Door Johan Bos
“Hij is voor mij persoonlijk een van mijn christen helden. Een herder die bereid is zijn leven in gevaar te brengen ter wille van zijn kudde”, zegt directeur Boudewijn van Schoonhoven van CAMA-Nederland. Veel christenen ontvluchten Syrië. Edward Awabdeh, hoofd van de CAMA-kerk daar neemt het hen niet kwalijk, al blijft hij zelf op zijn post in het door oorlog verscheurde land. “Wij geloven dat de Heer ons roept om in Syrië te blijven. Het is Zijn recht ons daar te laten zijn. Dat is voor ons nu de juiste plaats.”
Achter de vluchtelingenstromen, waarvoor steeds meer Europese naties de grenzen met hekken sluiten, schuilt een door en door verwoest vaderland, weet hij. De helft ervan ligt volledig in puin, verzucht Awabdeh.
De hoofdstad Damascus, waar eens de apostel Paulus na zijn bekering als een blinde aankwam, is zijn standplaats. Hij leidt er een gemeente, waarvan de diensten wekelijks door zo’n driehonderd mensen wordt bezocht. Het is niet gemakkelijk voor al kerkgangers erheen te komen. “In totaal bereiken wij tweeduizend mensen”, voegt hij er aan toe. Want de spankracht van de gemeente blijkt ook uit talrijke andere activiteiten dan alleen de diensten op zondag, zoals via jeugdwerk, sociale hulpverlening, huiskringen enzovoort. “We proberen als kerk te zorgen voor transport van de mensen naar de diensten”, zegt hij.
Vreselijk
Begin mei was hij samen met zijn vrouw enkele dagen in Nederland, op bezoek bij de zustergemeenten van de CAMA (Christian and Missionary Alliance), die hier – samen met de onafhankelijke baptisten – deel uitmaakt van de koepel van ABC-kerken. Hij sprak ook Arabische geloofsgenoten in hun eigen taal toe. De sterk op zending gerichte CAMA-gemeenten in Nederland steunen hun Syrische broeders en zusters, geestelijk en materieel.

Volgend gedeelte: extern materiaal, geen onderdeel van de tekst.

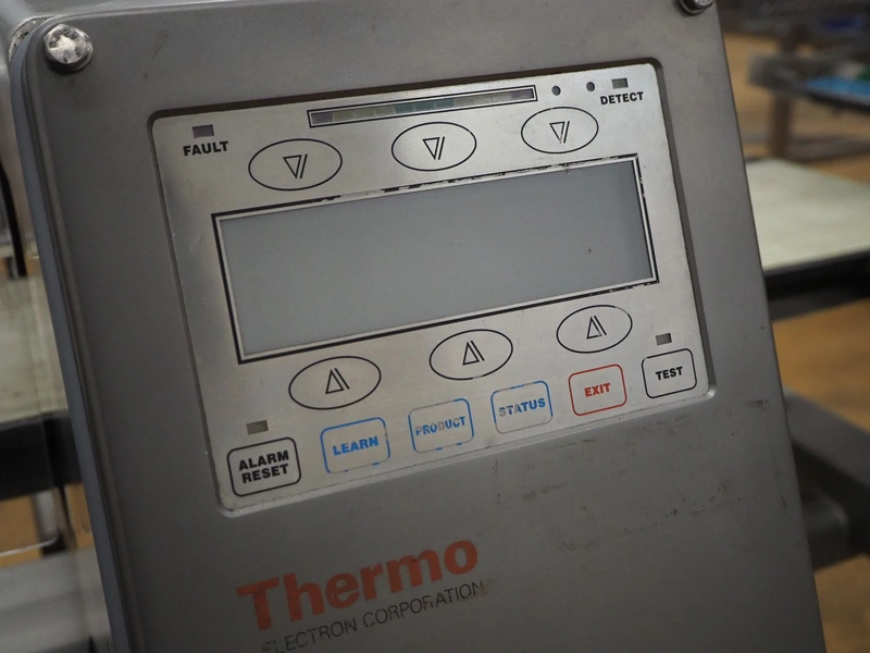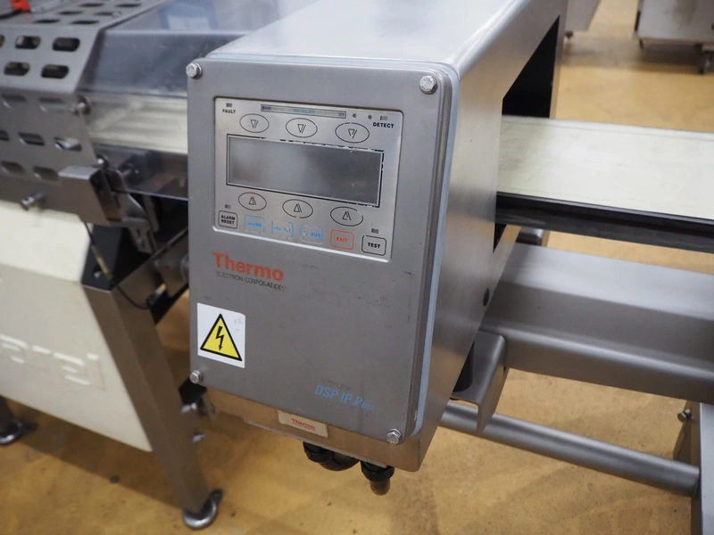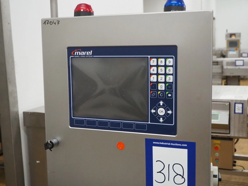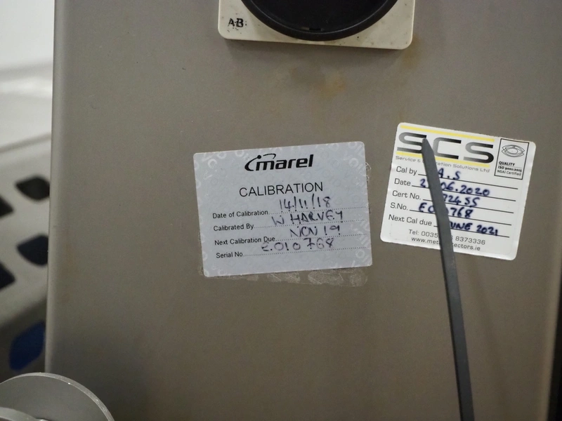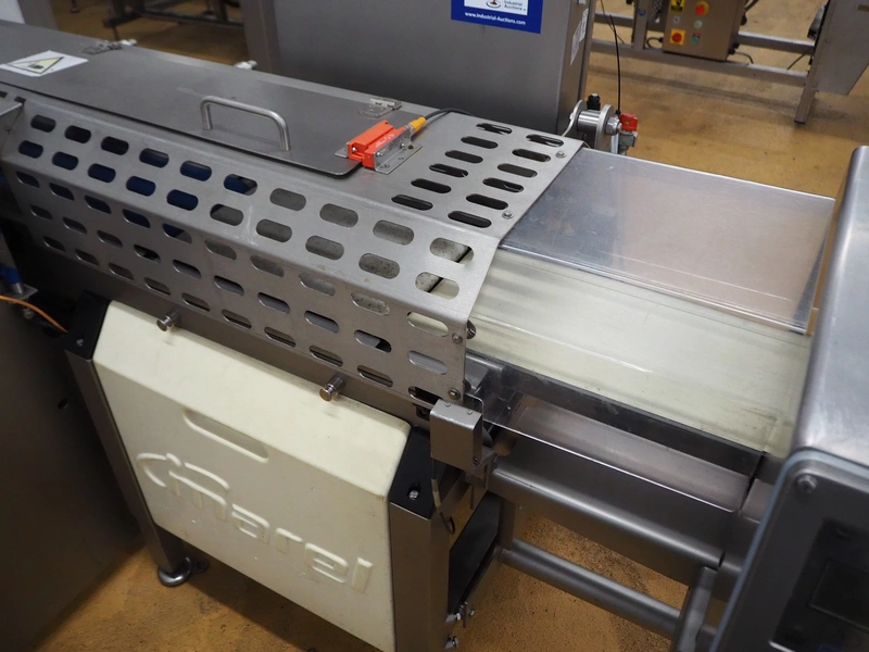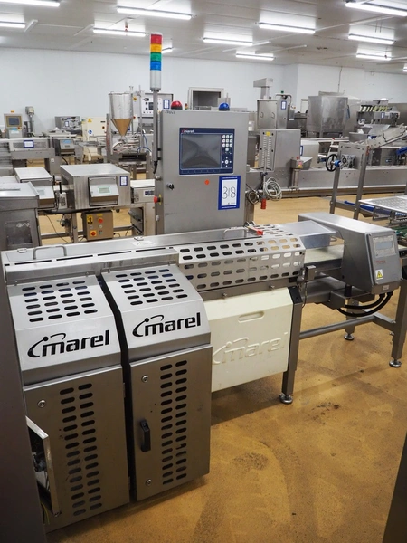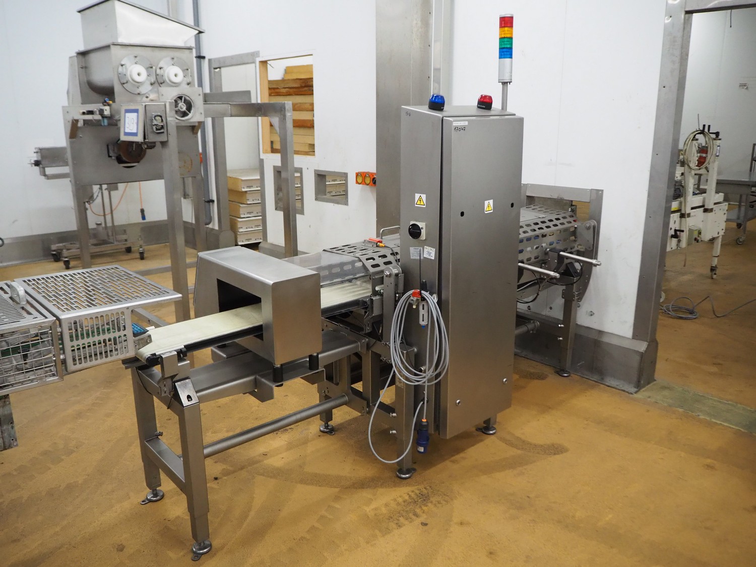 Thermo Fischer metal detector and Marel checkweigher with double rejector, type checkweigher: MarelCheck RF8 8023.30, serial number: E010768, year of construction: 2009, 200-240 V, 1 Ph, 50/60 Hz, 5.0 A, clearance metal detector: 350 mm x 120 mm, plastic belt, belt width: 230 mm, total dimensions: 2650 mm x 1150 mm x 2000 mm.

Dat is veel beter dan in iedere vluchteling een bedreiging te zien, vindt Edward Awabdeh blijkbaar, al begrijpt hij de hier bij een deel van de bevolking ontstane vrees wel. Maar hij voegt er aan toe dat de ene vreemdeling de andere niet is. “Elke dag in Syrië is vreselijk”, zegt hij. Zijn drie kinderen vertrokken voor studie naar Amerika. Zij zouden eigenlijk wel willen dat hun ouders ook naar een veiliger oord vertrokken, maar hebben zich er bij neergelegd dat die nu eenmaal doen wat God van hen vraagt.
Jarenlang was Awabdeh tandarts, maar ook toen al actief in het werk van de Heer. Totdat Die hem in full time dienst riep, vertelt hij. Met zijn nieuwe bediening zette hij een oude traditie voort, want ook zijn vader en grootvader waren al voorgangers bij de CAMA. Hij groeide op in een evangelisch christelijk gezin, waarvoor hij nog altijd dankbaar is.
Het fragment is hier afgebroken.